Leslie Feist has never been about being cool. Her quirky voice and off-beat musical style has always allowed her to stand apart from the crowd, and her willingness to try almost anything has helped her to be innovative both as a songwriter and interpreter of music. Feist's first forays into performance were with a Calgary punk outfit called Placebo (not THE Placebo); this led, years later, to Feist joining Toronto alt-stars Broken Social Scene. Feist has also toured or recorded with Noah's Arkweld, By Divine Right, Peaches and Kings Of Convenience. The placement of her song "1234" in an Apple commercial in 2007 turned the plucky songstress into an international sensation. The song, an Indie release, rose to #8 on the Billboard Pop chart on the strength of downloads alone, and resulted in numerous awards.
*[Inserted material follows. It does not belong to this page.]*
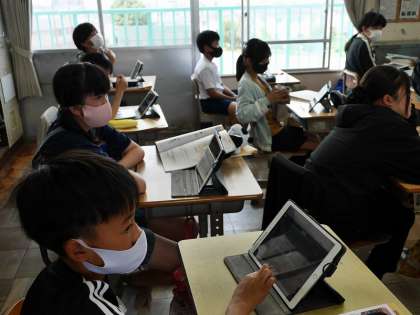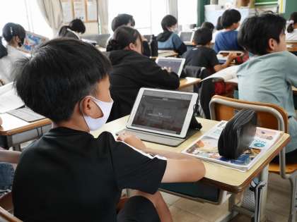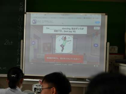 学習用タブレットのアプリを使って、英語の言い回しを確認していました。

This sort of success can either be a catalyst to greater things or the downfall of an artist. Many a songwriter has tripped on their own attempts to re-create such success. With Metals, Feist tries a novel approach, seemingly pretending it never happened. Rather than change course based on commercial pressures, Feist does what she's always done - follow the currents of her own muse wherever they might take her. Consequently, Metals is perhaps even quirkier than her previous works. Feist's salty, breathy voice bends itself through sounds that seem almost impossible to create at times, opening a window on her worldviews song by song.
"The Bad In Each Other" is a stripped down and primitive blend of Electro-folk and rock; an intriguing take on the phenomenon that happens when two good people with the best of intentions simply do not work together. Feist's insight is subtle yet distinct, highlighting the accident rather than the aftermath. "Graveyard" is a haunting, disjointed pop venture that's dark in aspect and incredibly varied in sound. Even within the bounds of standard pop song construction, the aching urgency of Leslie Feist's vocal line is the sort that stops people in their tracks. "Caught A Long Wind" struggles a bit, getting lost in its own esoteric arrangement, but the vocal is stunning.
Feist digs in with a soulful sound on "How Come You Never Go There", giving herself over to an edgy, string-based arrangement on "A Commotion". The quiet urgency in this number is compelling, perhaps even highlighted by the simple two-tone verse in contrast to the full-bodied, angular chorus. Feist settles in with fine performances on "The Circle Married The Line", "Bittersweet Melodies" and "Anti-Pioneer", lulling the listener into a well-satisfied and comfortable musical slumber. Taking everything down a notch further, she swoons into the fuzzy and effect-filled "Undiscovered First", transforming the experience into a power, anti-pop realization. The quiet genius of this song may not appear to you the first few times through, but will grow on you over time.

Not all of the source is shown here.